Clean: Wash your hands and kitchen surfaces often.
Wash your hands for at least 20 seconds with hot soapy water before food preparation and after handling raw meat, fish, seafood, eggs or poultry. Also wash your hands after using the toilet, changing diapers, or handling pets. Wash countertops, cutting boards and utensils with hot, soapy water before and after preparing each food. Wash dishcloths and sponges frequently in hot water or use paper towels.

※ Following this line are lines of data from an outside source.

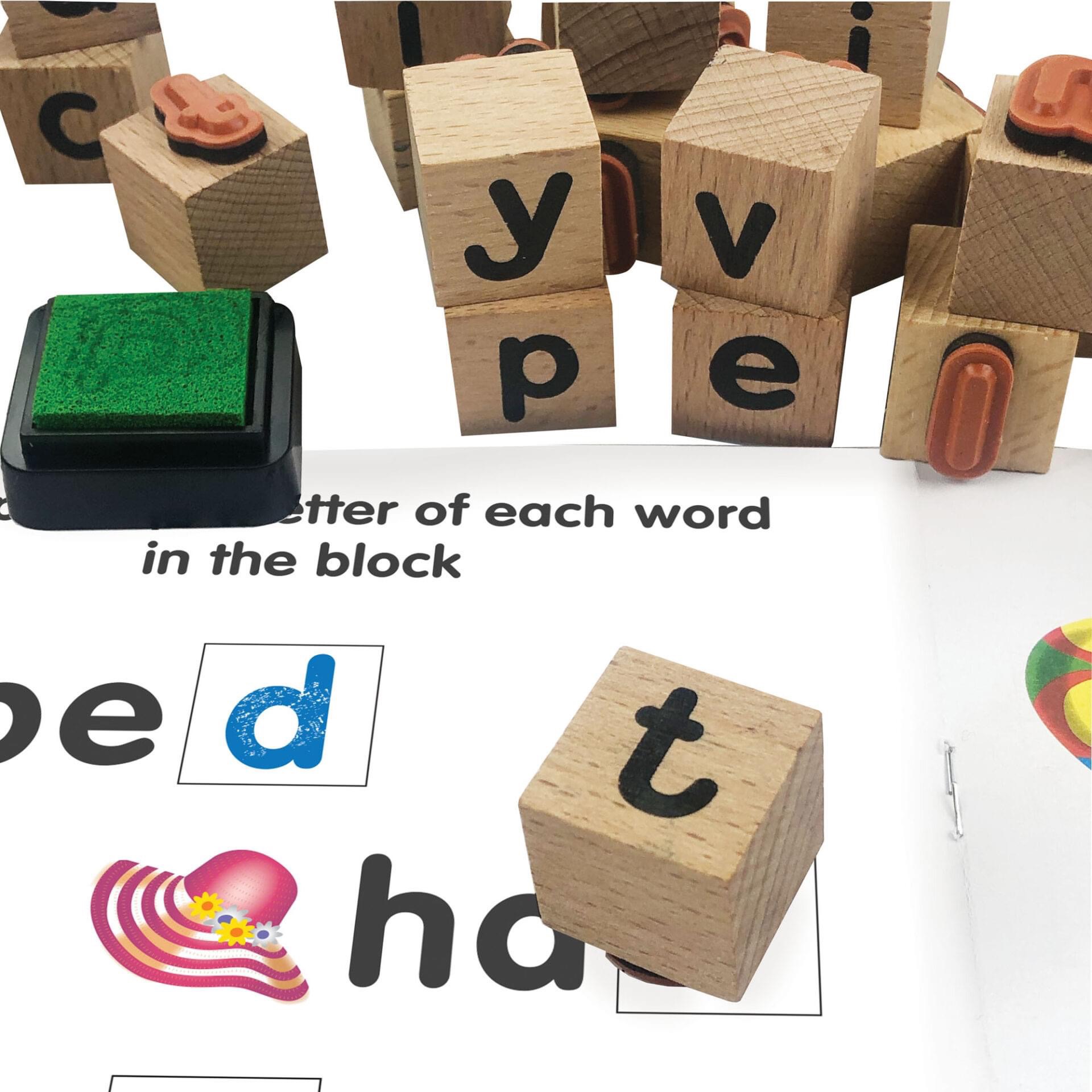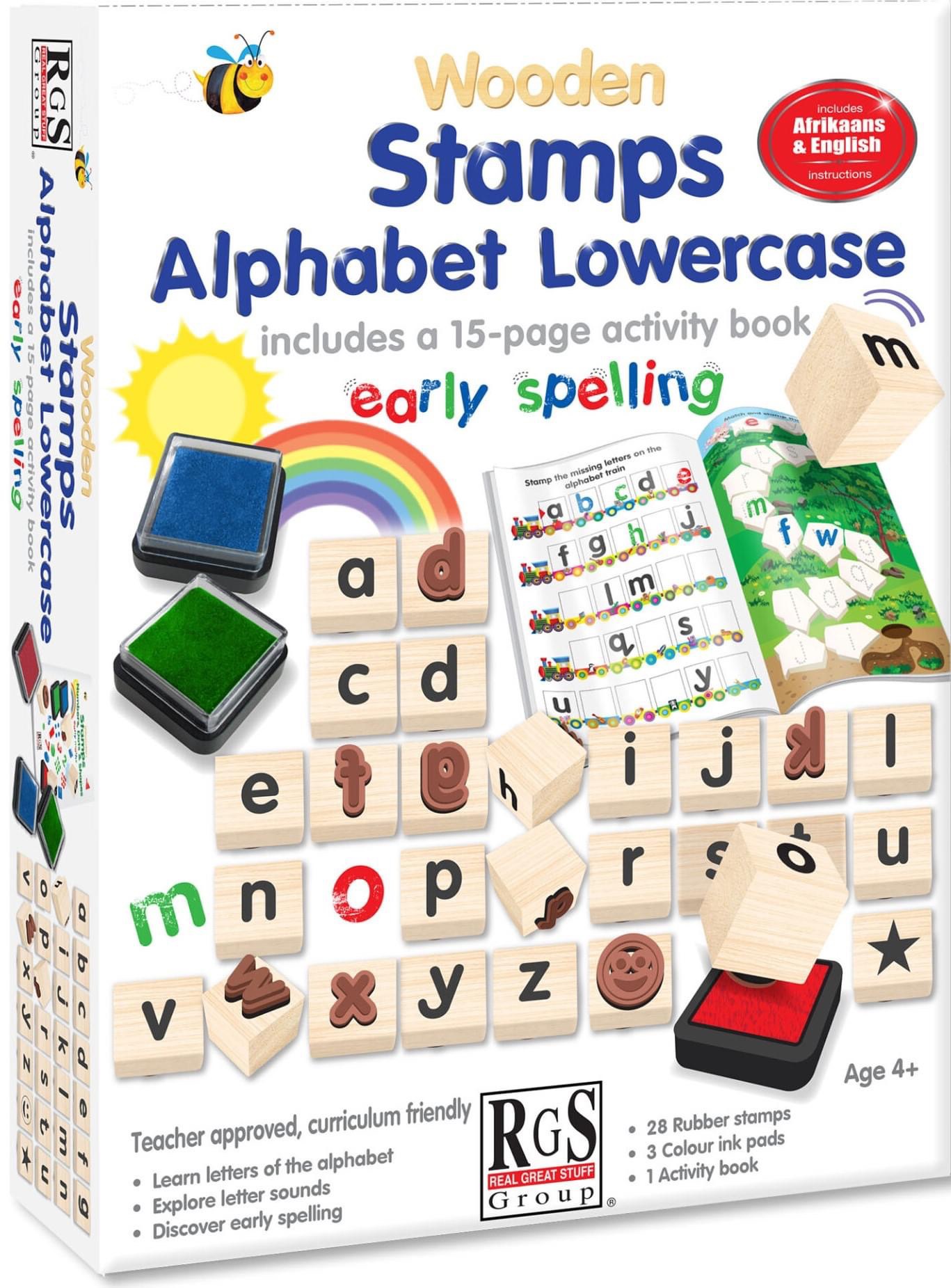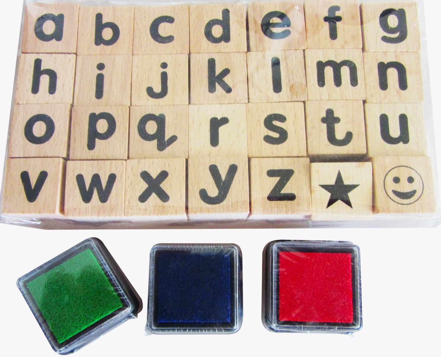 Our Alphabet Stamp set contains 28 sturdy wooden-handled rubber stamps, 3 colour ink pads and a 16-page activity book. Children love being creative and stamping activities are always popular – now they can learn the basics of the alphabet while playing!
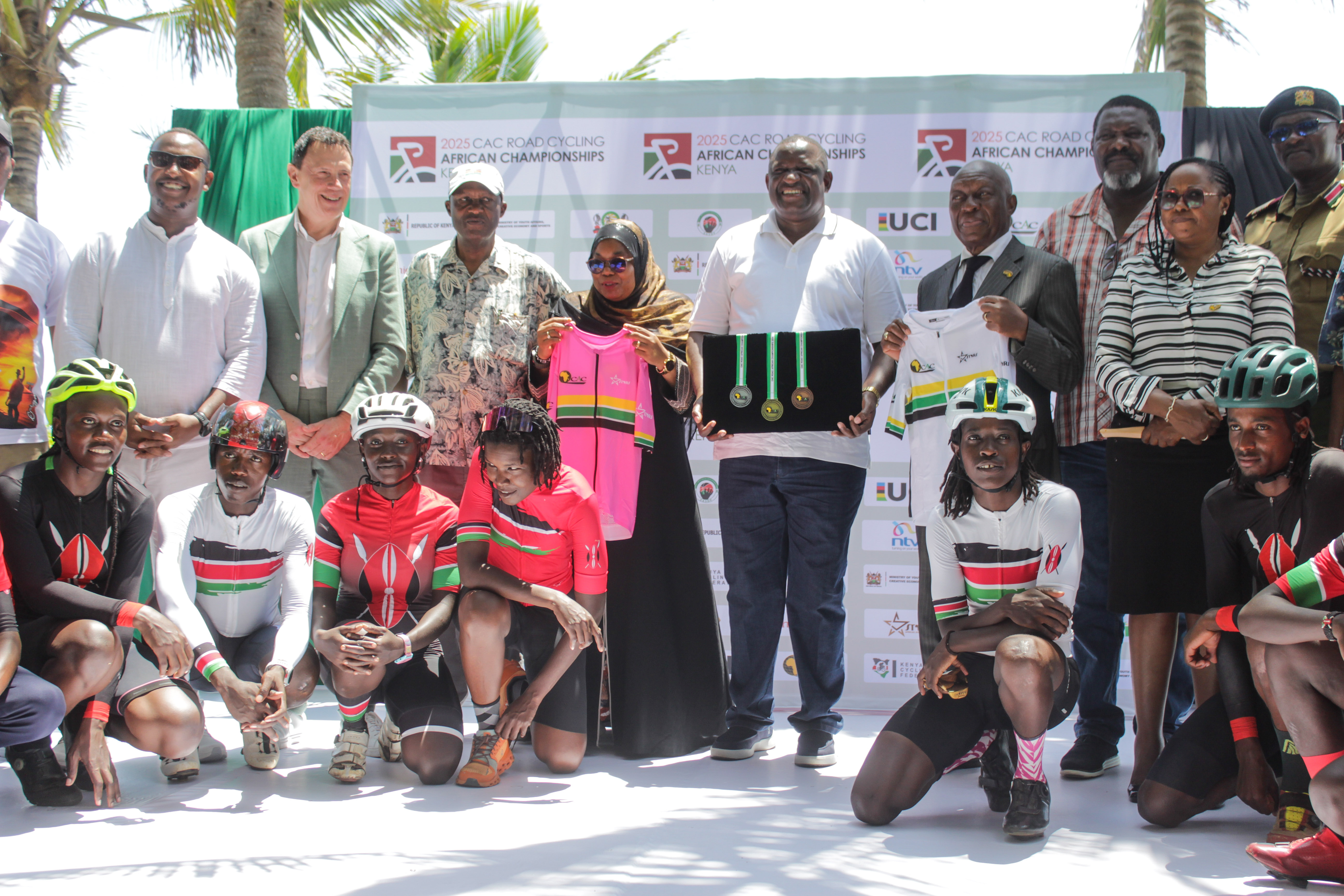 Sports CS Salim Mvurya (C) with Kwale Governor Fatuma Achani (left of Mvurya) and CAC President Yao Allah Kouame (right of Mvurya)/ TEDDY MULEIFollowing dominant displays at the Africa Women’s Cycling Championship in Burundi, Monica Jelimo and Grace Kaviro hope to continue their medal-winning form at the CAC Road Cycling African Championships, which begin today in Diani, Kwale County.
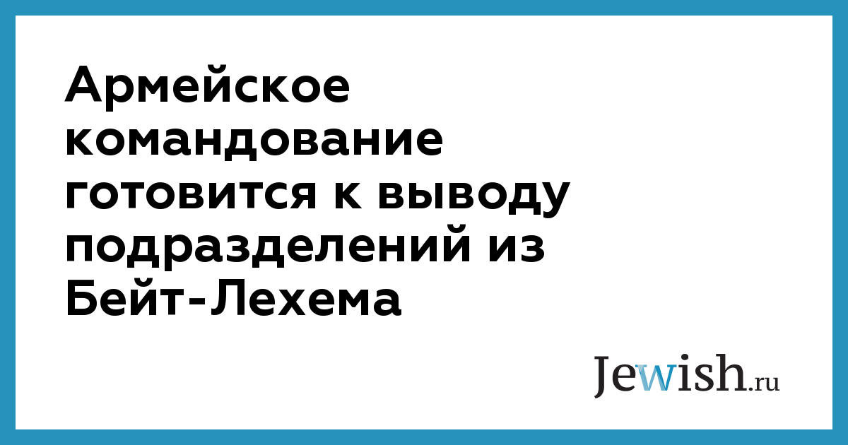 Армейское командование готовится к выводу подразделений из Бейт-Лехема
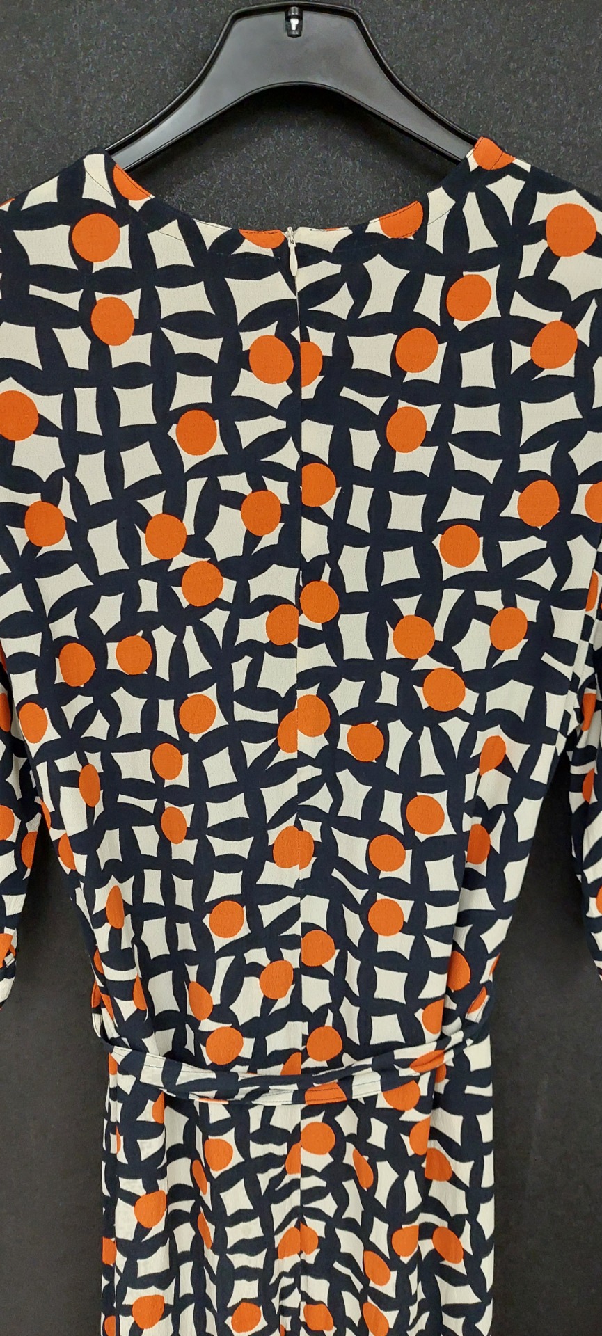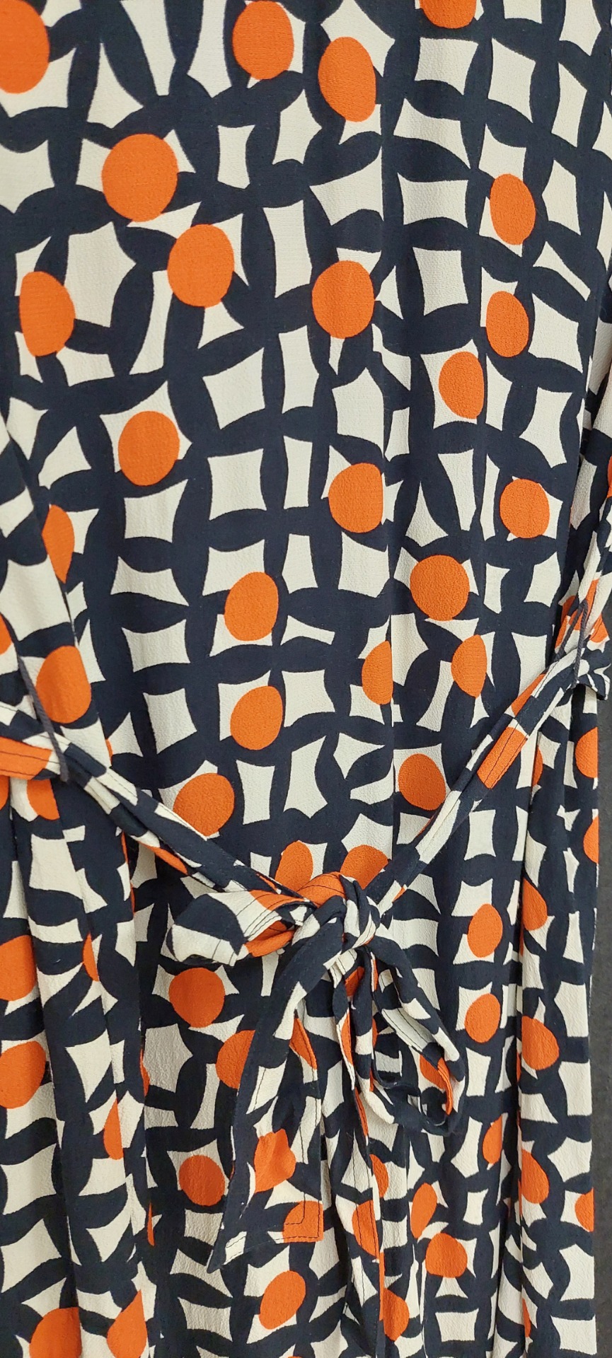 Marimekon Todellinen Pielikki mekko. Viskoosikrepistä valmistettu väljästi istuva mekko. Hartioilta pudotetut 3/4-hihat, pyöreä pääntie, piilovetoketju selässä, polven alapuolelle yltävä helma. Irrotettava vyö.
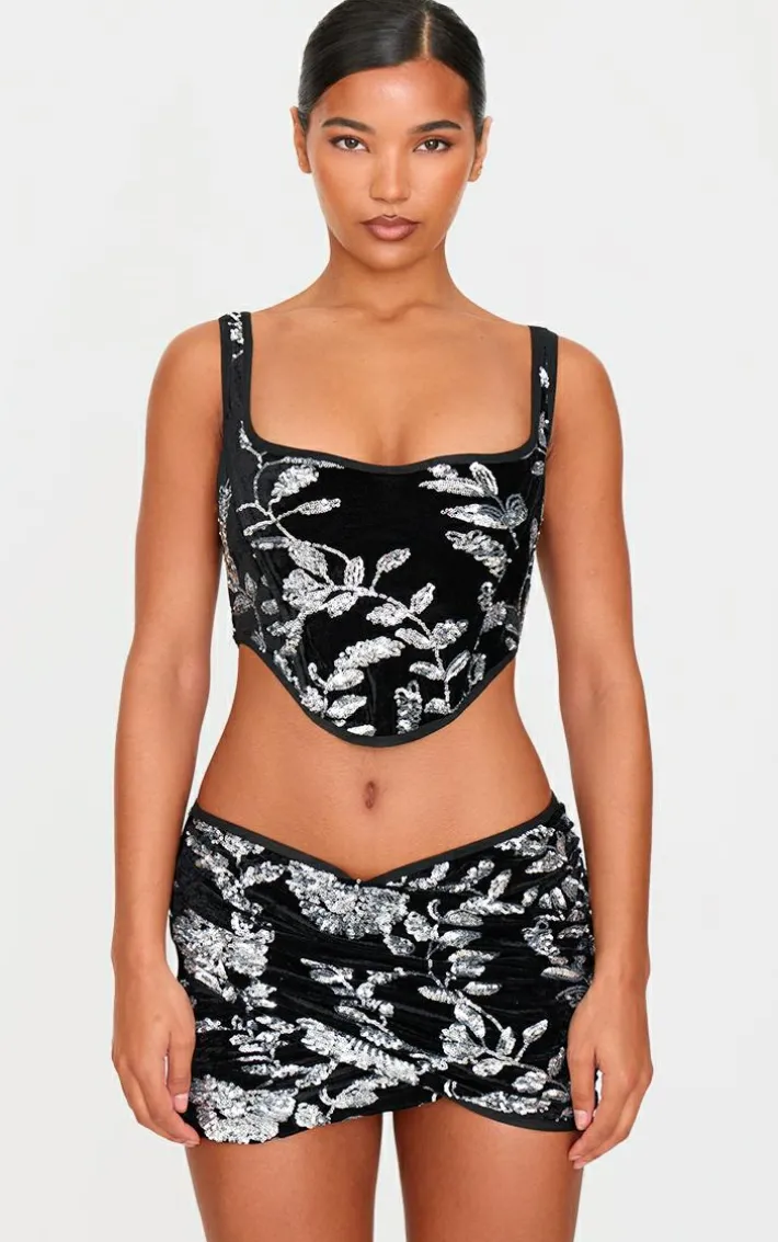 You’ll be the best dressed in any room with this black velvet floral sequin embellished ruched micro mini skirt. Its features include a chic black velvet fabric, floral sequin embellishment and ruched, figure-hugging design. This micro mini skirt will instantly elevate your look when paired with the matching top and court heels. How can you say no?

Additional recommendations


Do not drink unpasteurized milk, juice or cider.
Wash fruits and vegetables thoroughly before eating.
Elderly adults, those who have weak immune systems and children under age 5 should avoid alfalfa sprouts.
Drink water that has been treated with adequate levels of chlorine or other disinfectants.
Avoid swallowing water while swimming.
Do not share bath water or swim with someone who has an E. coli infection.
On the research front
Researchers at the National Institute of Child Health and Human Development have developed an experimental vaccine against E. coli O157:H7. In clinical trials, the vaccine caused volunteers to produce enough antibodies (compounds that help neutralize or destroy foreign substances in the blood) to kill the bacteria in lab cultures without serious side effects. Researchers are studying mass vaccination of cattle to eliminate this strain of E. coli.

Irradiation (the therapeutic use of certain types of radiation) can destroy or limit bacteria in food, especially in solid food and animal products. Federal officials estimate that irradiation could eliminate a significant percent of the illness-causing bacteria in our food. The food's nutritional value after irradiation depends on the radiation dose, type of food, packaging and processing conditions (such as temperature during irradiation and storage time). Protein, carbohydrates and fat are fairly stable under irradiation, but vitamins may be more sensitive. Irradiation is practiced in more than 40 countries, but its current use in the United States is governed by strict regulations.